Check every line of the entries for the string "Black" and return the ones that contain it.

START Data for this exercise

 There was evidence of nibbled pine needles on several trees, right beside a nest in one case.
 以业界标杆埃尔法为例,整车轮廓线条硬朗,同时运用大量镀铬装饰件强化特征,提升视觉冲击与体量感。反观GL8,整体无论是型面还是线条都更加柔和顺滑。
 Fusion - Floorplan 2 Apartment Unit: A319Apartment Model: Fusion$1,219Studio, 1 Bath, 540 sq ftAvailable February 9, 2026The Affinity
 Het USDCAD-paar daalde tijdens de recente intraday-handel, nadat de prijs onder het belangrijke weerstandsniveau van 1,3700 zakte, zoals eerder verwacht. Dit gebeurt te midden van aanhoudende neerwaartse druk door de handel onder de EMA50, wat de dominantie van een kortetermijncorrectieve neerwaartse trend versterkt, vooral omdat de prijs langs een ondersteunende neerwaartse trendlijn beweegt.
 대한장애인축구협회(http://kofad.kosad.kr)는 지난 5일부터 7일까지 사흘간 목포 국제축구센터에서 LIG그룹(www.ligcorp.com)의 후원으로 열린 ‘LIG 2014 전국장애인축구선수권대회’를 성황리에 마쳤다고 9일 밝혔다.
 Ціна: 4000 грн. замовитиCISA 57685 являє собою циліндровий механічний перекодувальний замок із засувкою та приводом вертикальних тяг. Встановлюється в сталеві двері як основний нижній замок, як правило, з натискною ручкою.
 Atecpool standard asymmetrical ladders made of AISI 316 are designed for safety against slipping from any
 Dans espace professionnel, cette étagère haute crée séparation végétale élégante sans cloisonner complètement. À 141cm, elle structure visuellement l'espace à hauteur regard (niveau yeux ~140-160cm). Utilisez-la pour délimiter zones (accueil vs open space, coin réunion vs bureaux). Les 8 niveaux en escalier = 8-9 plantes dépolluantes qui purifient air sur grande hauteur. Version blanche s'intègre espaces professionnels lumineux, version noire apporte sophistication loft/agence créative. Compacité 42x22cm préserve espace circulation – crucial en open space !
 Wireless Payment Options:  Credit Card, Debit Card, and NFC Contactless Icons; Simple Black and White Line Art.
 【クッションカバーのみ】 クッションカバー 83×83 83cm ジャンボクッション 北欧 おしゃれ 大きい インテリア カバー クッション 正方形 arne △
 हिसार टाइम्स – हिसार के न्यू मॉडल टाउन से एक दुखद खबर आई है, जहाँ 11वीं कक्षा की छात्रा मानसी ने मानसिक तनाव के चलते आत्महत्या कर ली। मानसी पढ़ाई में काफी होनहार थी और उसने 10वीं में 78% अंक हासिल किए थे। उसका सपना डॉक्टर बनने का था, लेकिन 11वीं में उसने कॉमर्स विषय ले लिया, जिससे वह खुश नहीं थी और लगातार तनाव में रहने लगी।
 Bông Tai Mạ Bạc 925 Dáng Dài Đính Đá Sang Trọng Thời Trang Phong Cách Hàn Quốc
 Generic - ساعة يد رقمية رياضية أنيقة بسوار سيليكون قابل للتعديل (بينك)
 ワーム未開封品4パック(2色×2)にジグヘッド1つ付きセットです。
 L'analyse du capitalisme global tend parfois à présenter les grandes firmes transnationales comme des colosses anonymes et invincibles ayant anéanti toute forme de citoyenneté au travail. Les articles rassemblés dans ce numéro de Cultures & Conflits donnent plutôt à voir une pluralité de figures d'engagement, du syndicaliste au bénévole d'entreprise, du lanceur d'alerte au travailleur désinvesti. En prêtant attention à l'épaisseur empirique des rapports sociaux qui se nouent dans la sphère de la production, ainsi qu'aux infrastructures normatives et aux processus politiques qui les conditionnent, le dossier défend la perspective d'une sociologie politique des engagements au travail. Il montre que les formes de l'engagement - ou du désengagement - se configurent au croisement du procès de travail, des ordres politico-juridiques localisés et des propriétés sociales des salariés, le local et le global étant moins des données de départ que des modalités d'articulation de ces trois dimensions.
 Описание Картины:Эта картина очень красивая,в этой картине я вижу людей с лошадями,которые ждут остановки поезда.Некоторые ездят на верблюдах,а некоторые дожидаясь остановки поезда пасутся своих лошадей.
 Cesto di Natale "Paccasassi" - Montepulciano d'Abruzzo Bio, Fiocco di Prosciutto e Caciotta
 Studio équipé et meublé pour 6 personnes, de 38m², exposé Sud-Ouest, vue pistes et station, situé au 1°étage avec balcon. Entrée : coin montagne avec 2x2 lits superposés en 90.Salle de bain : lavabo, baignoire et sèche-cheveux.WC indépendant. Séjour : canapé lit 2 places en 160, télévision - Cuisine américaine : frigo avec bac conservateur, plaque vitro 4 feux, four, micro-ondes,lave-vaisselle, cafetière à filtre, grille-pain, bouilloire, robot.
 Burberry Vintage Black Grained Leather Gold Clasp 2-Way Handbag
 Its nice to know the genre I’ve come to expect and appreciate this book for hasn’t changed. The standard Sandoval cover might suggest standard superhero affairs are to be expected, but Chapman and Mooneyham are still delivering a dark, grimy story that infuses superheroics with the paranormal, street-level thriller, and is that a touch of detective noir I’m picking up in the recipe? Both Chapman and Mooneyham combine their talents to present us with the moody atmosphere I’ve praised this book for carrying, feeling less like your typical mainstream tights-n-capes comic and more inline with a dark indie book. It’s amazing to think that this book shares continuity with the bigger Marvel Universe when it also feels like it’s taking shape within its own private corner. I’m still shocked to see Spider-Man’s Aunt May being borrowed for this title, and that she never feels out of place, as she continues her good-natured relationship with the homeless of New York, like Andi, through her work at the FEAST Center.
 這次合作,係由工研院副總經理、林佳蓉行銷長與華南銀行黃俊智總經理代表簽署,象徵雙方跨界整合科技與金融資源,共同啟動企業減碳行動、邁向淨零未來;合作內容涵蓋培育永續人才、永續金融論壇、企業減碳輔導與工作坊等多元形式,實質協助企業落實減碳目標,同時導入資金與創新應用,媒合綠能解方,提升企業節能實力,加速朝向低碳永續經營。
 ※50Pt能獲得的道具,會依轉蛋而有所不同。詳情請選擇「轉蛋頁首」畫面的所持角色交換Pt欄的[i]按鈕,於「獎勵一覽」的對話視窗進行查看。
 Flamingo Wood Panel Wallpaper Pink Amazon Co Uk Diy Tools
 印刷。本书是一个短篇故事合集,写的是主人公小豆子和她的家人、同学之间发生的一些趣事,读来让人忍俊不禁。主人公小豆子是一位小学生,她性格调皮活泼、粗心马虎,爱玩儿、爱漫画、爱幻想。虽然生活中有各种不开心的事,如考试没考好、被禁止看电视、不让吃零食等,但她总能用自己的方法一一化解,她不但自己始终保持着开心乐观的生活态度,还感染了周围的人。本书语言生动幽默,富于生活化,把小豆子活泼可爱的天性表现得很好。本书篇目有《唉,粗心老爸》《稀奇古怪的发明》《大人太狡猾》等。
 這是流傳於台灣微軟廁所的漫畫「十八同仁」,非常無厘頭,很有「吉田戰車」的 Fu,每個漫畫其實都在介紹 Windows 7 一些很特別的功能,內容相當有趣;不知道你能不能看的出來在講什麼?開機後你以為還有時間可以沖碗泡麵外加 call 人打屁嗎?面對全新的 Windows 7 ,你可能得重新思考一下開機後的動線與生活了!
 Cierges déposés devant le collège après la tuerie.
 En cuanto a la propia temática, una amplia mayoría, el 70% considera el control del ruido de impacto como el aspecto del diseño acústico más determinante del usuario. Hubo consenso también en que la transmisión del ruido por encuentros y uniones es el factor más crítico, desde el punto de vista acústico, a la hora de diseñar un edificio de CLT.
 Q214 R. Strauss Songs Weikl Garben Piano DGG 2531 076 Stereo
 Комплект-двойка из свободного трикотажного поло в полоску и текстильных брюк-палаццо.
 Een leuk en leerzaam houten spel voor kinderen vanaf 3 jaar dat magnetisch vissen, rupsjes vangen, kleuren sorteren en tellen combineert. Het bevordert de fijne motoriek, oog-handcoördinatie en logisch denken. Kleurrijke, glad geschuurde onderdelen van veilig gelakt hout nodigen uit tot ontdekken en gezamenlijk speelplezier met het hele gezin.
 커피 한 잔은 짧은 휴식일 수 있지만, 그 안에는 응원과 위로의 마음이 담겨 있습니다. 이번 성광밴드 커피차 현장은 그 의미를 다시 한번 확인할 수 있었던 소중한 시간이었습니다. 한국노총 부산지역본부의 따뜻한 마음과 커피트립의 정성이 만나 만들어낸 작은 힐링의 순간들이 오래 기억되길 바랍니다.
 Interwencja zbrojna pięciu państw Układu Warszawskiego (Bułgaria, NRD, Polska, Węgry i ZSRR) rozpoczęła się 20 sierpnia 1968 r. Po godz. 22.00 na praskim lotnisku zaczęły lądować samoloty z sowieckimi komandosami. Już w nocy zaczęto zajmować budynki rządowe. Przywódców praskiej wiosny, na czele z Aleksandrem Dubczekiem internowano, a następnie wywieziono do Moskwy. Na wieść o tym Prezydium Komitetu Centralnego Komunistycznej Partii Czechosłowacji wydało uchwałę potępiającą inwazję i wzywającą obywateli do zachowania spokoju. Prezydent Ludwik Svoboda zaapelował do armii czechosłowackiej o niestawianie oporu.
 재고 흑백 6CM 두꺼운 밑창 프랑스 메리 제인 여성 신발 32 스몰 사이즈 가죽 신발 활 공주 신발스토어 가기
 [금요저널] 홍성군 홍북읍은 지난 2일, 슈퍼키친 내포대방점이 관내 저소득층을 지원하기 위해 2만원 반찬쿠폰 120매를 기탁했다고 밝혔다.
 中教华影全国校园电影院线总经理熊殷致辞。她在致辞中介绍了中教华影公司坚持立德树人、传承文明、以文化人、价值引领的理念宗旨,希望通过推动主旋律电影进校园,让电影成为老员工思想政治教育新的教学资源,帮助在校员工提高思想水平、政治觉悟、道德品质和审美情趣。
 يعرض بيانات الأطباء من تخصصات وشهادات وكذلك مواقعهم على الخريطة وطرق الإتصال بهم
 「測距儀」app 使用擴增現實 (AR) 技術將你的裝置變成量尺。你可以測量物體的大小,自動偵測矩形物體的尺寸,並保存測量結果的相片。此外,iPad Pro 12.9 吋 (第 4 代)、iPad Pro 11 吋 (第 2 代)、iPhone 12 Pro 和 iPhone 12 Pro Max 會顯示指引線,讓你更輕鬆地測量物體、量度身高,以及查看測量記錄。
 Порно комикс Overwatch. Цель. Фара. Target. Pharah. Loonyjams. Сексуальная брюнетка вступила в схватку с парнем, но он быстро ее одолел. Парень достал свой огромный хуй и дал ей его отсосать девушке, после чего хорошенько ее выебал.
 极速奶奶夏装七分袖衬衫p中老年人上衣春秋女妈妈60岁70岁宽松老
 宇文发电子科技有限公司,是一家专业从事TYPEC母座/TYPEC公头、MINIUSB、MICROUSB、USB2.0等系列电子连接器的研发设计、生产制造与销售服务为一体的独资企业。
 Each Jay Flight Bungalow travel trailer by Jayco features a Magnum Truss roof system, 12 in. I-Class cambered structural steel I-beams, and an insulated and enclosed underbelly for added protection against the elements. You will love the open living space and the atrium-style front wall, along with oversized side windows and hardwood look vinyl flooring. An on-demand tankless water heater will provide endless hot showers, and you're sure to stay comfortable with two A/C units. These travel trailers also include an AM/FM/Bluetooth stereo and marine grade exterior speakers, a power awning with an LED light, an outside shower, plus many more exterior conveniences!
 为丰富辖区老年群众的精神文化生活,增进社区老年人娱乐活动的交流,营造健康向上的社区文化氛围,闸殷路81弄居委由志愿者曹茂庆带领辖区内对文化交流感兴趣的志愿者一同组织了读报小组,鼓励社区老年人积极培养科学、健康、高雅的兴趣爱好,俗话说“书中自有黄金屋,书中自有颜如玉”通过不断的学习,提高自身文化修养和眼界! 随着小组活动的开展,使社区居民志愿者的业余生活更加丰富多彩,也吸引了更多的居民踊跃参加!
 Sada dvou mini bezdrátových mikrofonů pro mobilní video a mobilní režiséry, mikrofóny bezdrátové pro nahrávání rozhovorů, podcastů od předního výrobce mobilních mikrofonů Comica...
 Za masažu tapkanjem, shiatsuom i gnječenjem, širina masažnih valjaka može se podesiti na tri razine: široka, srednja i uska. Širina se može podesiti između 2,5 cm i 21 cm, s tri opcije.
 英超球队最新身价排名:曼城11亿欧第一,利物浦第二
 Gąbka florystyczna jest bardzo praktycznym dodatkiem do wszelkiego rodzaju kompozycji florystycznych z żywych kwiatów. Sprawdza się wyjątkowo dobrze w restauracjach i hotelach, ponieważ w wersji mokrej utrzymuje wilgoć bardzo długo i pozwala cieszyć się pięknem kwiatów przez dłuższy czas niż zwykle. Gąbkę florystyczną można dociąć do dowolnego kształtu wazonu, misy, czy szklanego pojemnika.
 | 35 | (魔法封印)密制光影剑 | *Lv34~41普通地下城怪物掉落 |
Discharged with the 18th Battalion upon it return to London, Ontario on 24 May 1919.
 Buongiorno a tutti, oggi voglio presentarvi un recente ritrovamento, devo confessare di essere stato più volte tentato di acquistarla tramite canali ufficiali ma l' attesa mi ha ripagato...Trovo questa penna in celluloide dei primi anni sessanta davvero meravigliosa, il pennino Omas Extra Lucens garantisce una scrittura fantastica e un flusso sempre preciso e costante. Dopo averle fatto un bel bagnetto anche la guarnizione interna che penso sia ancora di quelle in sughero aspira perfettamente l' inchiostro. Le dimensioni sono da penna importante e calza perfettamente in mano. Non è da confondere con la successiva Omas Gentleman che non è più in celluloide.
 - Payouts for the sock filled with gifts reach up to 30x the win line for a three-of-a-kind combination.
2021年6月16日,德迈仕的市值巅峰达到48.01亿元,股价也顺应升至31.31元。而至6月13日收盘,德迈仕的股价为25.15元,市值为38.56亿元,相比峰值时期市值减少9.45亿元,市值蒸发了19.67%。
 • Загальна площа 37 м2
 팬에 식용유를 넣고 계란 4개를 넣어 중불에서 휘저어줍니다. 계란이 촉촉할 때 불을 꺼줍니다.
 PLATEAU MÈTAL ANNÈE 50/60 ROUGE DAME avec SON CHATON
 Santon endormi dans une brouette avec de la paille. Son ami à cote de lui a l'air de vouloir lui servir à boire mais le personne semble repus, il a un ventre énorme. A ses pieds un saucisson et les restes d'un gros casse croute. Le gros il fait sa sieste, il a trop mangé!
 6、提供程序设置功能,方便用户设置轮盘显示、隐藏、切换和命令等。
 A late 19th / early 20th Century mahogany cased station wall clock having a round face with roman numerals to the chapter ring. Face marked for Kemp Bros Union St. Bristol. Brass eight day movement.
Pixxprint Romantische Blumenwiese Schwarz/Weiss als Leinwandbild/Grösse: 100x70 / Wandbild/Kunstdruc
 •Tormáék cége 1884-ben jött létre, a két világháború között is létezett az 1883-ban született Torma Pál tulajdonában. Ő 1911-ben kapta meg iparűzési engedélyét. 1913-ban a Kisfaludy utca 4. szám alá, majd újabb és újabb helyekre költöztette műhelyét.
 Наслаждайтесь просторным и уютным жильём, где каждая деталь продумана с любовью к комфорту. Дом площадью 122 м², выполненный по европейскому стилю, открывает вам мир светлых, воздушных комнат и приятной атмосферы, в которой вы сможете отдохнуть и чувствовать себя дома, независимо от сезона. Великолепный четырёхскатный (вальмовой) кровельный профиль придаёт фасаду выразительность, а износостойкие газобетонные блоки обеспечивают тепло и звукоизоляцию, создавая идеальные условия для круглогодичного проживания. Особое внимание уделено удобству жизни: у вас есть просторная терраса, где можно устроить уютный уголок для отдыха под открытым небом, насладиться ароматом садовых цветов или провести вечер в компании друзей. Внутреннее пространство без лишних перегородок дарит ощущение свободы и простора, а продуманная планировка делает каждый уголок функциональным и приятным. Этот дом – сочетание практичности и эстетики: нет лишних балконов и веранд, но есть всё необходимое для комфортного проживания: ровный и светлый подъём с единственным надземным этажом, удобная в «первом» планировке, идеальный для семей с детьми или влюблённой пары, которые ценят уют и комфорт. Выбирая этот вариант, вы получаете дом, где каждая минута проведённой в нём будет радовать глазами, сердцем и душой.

END Data for this exercise

Task solution >>
 Wireless Payment Options:  Credit Card, Debit Card, and NFC Contactless Icons; Simple Black and White Line Art.
 Burberry Vintage Black Grained Leather Gold Clasp 2-Way Handbag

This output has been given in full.